In the early stages of the Greek crisis, Pimco decided to abandon all sovereign Greek debt and let it's actions be known to the world. The resultant effect was a spike in yields and the increased fragility in the Greek bond market. This was despite the fact that, in of itself Greece hadn't worsened or improved a week before or after Pimco's actions.

But the buyers and holders of the debt instrument suddenly became unsure if these Greek bonds would pay their coupons or the lump sum notionals at the end. So, following Pimco, others began to dump these Greek bonds. The actions of a major player cascaded throughout the market.

Between the early days of the Greek crisis and today, much water has flown and many a bond trading desks have shut shop, central banks are better prepared and governments more aware of the storm they find themselves in.

So, this week as increased fears about Spain's solvency begin — Pimco is watched keenly. Such pithy quips are read as generally indicative of Pimco's market biases vis-à-vis the direction of the European markets. Given the massive size of Pimco, it is generally considered imprudent to not investigate how they see the market, particularly one as volatile and opaque as Europe.

And nowhere in Europe is more keenly watched than Spain. There over the past month, the borrowing cost of short-term debt has virtually doubled.

Spain's government has promised to put in place more cuts. Presumably, such announcements are to convince the bond traders who lend Spain money that it is serious about putting its house in order. Seeing this course of action, others like the notable columnist Paul Krugman have called this "economic suicide". His argument is that cutting spending during a recession is an invitation to increased dis-utilisation of labour and capital. The IMF estimates around 1.8 per cent of the GDP will shrink this year.
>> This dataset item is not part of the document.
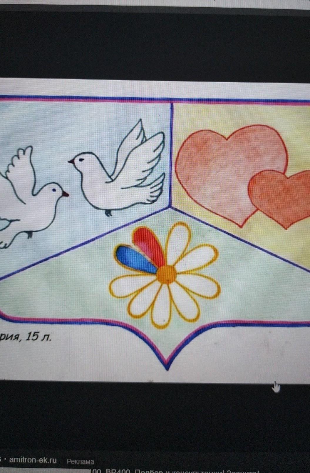я нарисовала сердце потому что в нашей семье царствует любовь, птиц потому что птици - знак добра и лёгкости а цветок я вижу как знак -нежности , ух надеюсь правильно ☺️

In contrast to what the conservative Spanish government has been advocating, Krugman argues that only two true measures are available: one, either exit the euro (which in effect is a fixed exchange rate system, irrespective of Spain's inflation or productivity, with the rest of the world).

Contractionary policies

Then deflate the new currency and export ones' way back to normalcy. Or the second option is the ECB must accept the prospect of higher inflation, expand money supply, increased spending by Germany (even if it means deficits) in rest of Europe. As if on cue, the Spanish ministers promised to do the exact opposite. They'll increase taxes and reduce spending to generate revenue around €27 billion, which would help bring down the deficit from 8.5 per cent to 5.3 per cent.
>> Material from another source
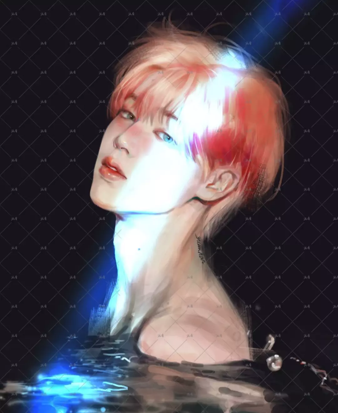 Intro. Park Jimin, an omega who is playful and flirtatious but also shy and likes to act cute like a puppy. He has short pink hair, blue eyes and plump pink lips.

Where does this leave us? Krugman's call for expansionary monetary policy assumes that central banks can still get away, and effect the markets, with what Mohammad Al Erian of Pimco calls "unusual central bank policy"? A rising consensus is that the other institutions in the European economy haven't risen to the challenge of addressing the fallout of the economic crises. The central banks have been trying to stem the economic downturn, but any kind of meaningful revival involves the political landscape.
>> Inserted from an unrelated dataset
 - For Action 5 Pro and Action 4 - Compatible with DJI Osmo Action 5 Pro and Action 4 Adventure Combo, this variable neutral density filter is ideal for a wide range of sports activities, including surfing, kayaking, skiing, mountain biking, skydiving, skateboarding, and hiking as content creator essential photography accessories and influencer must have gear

In absence of the other wheels of the economy holding up, the efficacies of the ECB's actions are progressively suspect. And if Pimco's statements are any guides to how the larger bond market thinks, few expect the ECB to help address the Spanish crises. It seems we are destined to hear about Spain for a while. Perhaps, a good excuse to read Don Quixote again.

 

The columnist works for a major European investment bank in New York City. All opinions are personal and don't reflect any institutional perspectives.